DevStore is the application store for the openEuler desktop version, acting as a developer-centric software distribution platform. It supports the search and rapid deployment of MCP servers and oeDeploy plugins. DevStore is provided out-of-the-box on the DevStation platform.

  • Rapid installation of MCP servers: Leveraging openEuler community's extensive software ecosystem, DevStore packages the software dependencies required for MCP server operations as standard RPM files. Using built-in service management tools, DevStore quickly deploys MCP servers in agent applications. It automatically solves software dependency and MCP configuration issues for users, greatly improving user experience. Currently, DevStore supports the deployment of over 80 MCP servers.
  • Quick plugin deployment: DevStore utilizes the oeDeploy tool to enable the rapid deployment of mainstream software, substantially reducing the setup time. The supported software categories include AI software (like Kubernetes, KubeRay, PyTorch, TensorFlow, and DeepSeek), toolchains (like EulerMaker and openEuler Intelligence), and RAG tools (like RAGFlow, Dify, and AnythingLLM).

CCA

Arm CCA utilizes the following core components working in synergy to construct a realm, an isolated and protected execution space. The realm is completely segregated from the normal world in terms of code execution and data access.

  • Realm: A realm is the core abstraction of CCA. It is a new execution environment that runs parallel to the normal world and secure world (TrustZone). It is hardware-isolated and designed to host sensitive code and data. It is independent of the host OS and Hypervisor, which can manage a realm but cannot access the content within.

  • Dynamic management: Hypervisor can dynamically create realms and allocate memory and CPU resources to them as required. However, once a realm is initialized, Hypervisor hands over control to the realm management monitor (RMM), a protected secure virtualization module, and can no longer access the data within the realm.

  • Memory management: CCA extends the system memory management unit (MMU) to identify and isolate realm memory. Any access attempt from outside the realm (including Hypervisor) is blocked by the hardware, ensuring data confidentiality.

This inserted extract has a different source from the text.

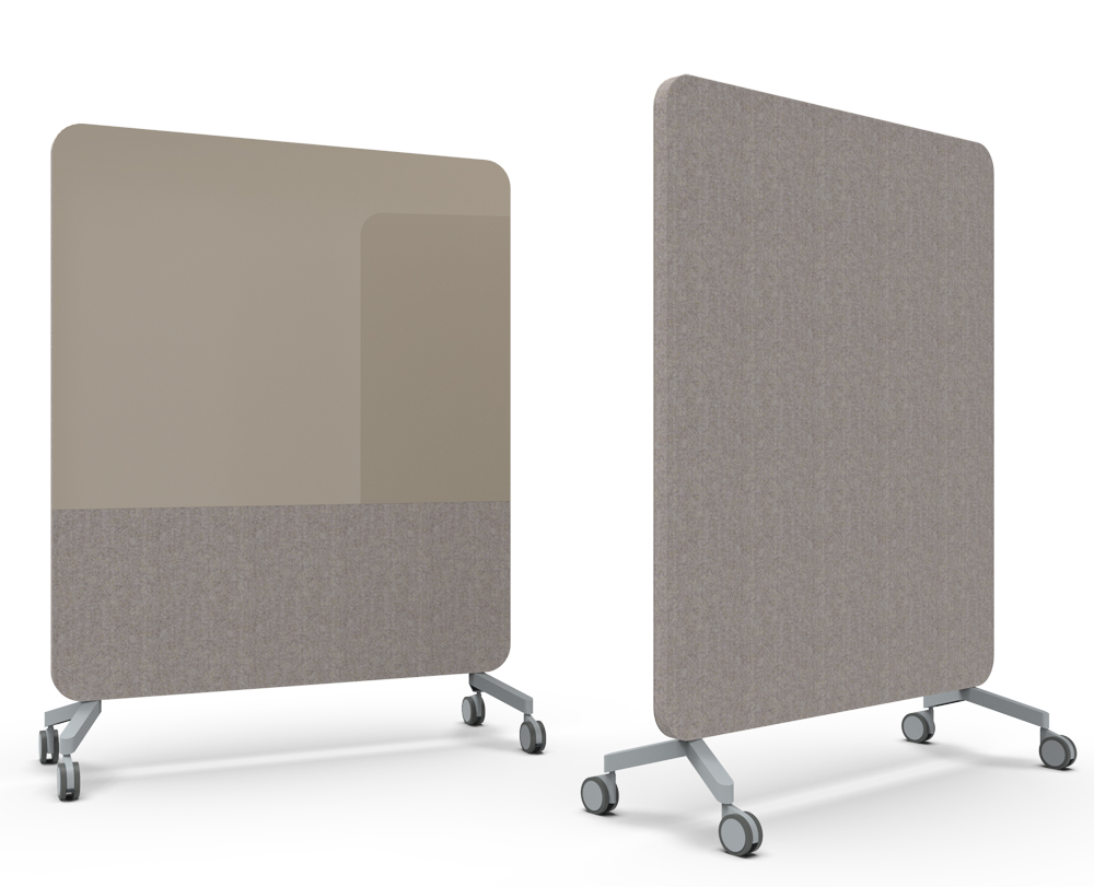 Large skrivtala i glas med tygklädd ljudabsorberande baksida.

  • Remote attestation: Each CCA-enabled processor has a unique, hardware-based identity. When a realm starts, it can generate an attestation token that is cryptographically signed by the hardware. Users can obtain this report, verify its signature, and check the component measurements to ensure that their workloads are running in a genuine, unaltered Arm CCA environment.

secGear Enhancements

The new architecture for virtCCA cVMs introduces a platform token. When the attestation agent requests data from a cVM, the resulting virtCCA token now includes a platform token. The attestation service has been updated to accommodate this change:

  • The root and intermediate certificate algorithms have been upgraded from RSA to ECCP521.
  • The remote attestation process is enhanced with the addition of platform token signature verification and cVM token public key validation, completing the attestation chain.
  • The system now allows using policies to verify the version and hash of the virtCCA platform software components.
  • The attestation report now outputs the verification result of the platform software components based on policies.
  • The report also explicitly outputs whether the current virtCCA supports the platform token.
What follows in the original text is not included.